Hitting the alarm bell on oil and gas
- Published
There's both raw commercial interest and significant alarm in the latest statement from Britain's offshore oil industry.
Capital investment was already due to fall from record highs, but the sharp decline in the price of Brent crude - touching $82 on Wednesday before a rally - has focused minds, and made it look like investment will be cut in half within only three years.
Oil & Gas UK said, before the fall accelerated, that an $80 price would mean a third of investment being put on ice, and the acceleration of closure plans for expensive, mature fields. That warning has now become all the more urgent.
While some investment is going ahead following delays due to uncertainty over the independence referendum, firms in the supply chain are seeing orders slowing up due to the oil price.
The industry body said last week that its members have turned distinctly gloomy due to falling oil prices and rising offshore costs.
Hitting the alarm bell comes at a good time from a lobbying point of view. The challenge of maximising extraction from mature assets in the North Sea was addressed by industry grandee Sir Ian Wood.
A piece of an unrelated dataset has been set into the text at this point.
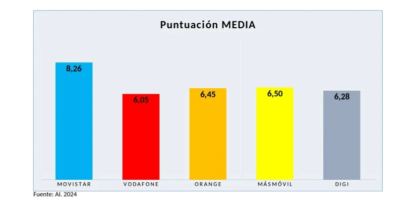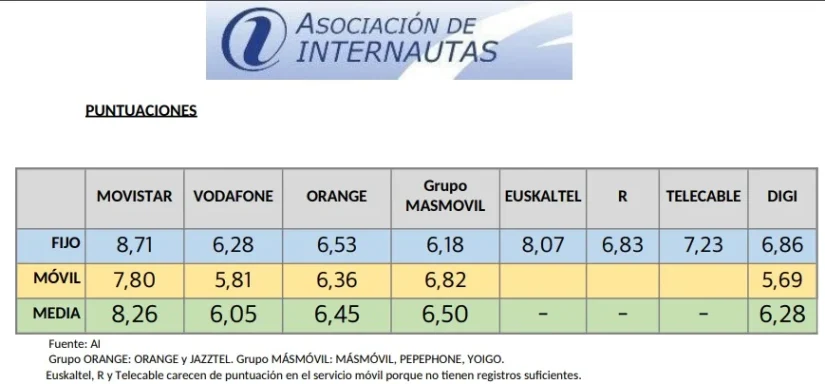 Según sus mediciones, «el resto de los operadores no alcanzan los 8 puntos en banda ancha fija (BAF), salvo Euskaltel, ni los 7 puntos en banda ancha móvil (BAM)». Así, reflejan que en cuanto a la nota media alcanzada por los distintos operadores españoles, la más alta es para Movistar, con un 8,26, y la más baja para Vodafone, que llega hasta el 6,05. «El resto también se queda lejos de los siete puntos», puntualizan, y afirman que el grupo Másmóvil, con 6,18 puntos, es el último clasificado en BAF, mientras que Vodafone, con 5,38, lo es en BAM.
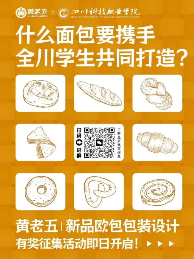 此次欧包新品的包装设计大赛将面向全川大学生开放,参与者将有机会通过自己的创意,设计出符合黄老五品牌形象且具备市场竞争力的包装方案。获奖作品将有机会成为最终产品的正式包装, 不仅能够获得丰厚的奖品,还将有机会与黄老五品牌深度合作,参与到更多创意项目当中。

The Treasury is finalising plans for tax reforms that will incentivise more investment and extraction, scheduled for publication in a month.
Pitching high
Oil & Gas UK is pitching high with its demands: reversal of the 2011 tax hike, much more flexibility in applying tax deductions and the removal, over time, of Petroleum Revenue Tax. What that means is much lower oil tax revenue for the Treasury.
Scottish Secretary Alistair Carmichael was today making the political point that the lower oil price has carved a huge hole in the Scottish government's projected budgets if it had won the independence vote.
What he's not highlighting is that the UK Treasury instead has to deal with that shortfall in revenue, as well as the consequences of more tax incentives for offshore operators.
It's a proportionately smaller problem than Holyrood would face, but it knocks Westminster's deficit reduction plans yet further off course.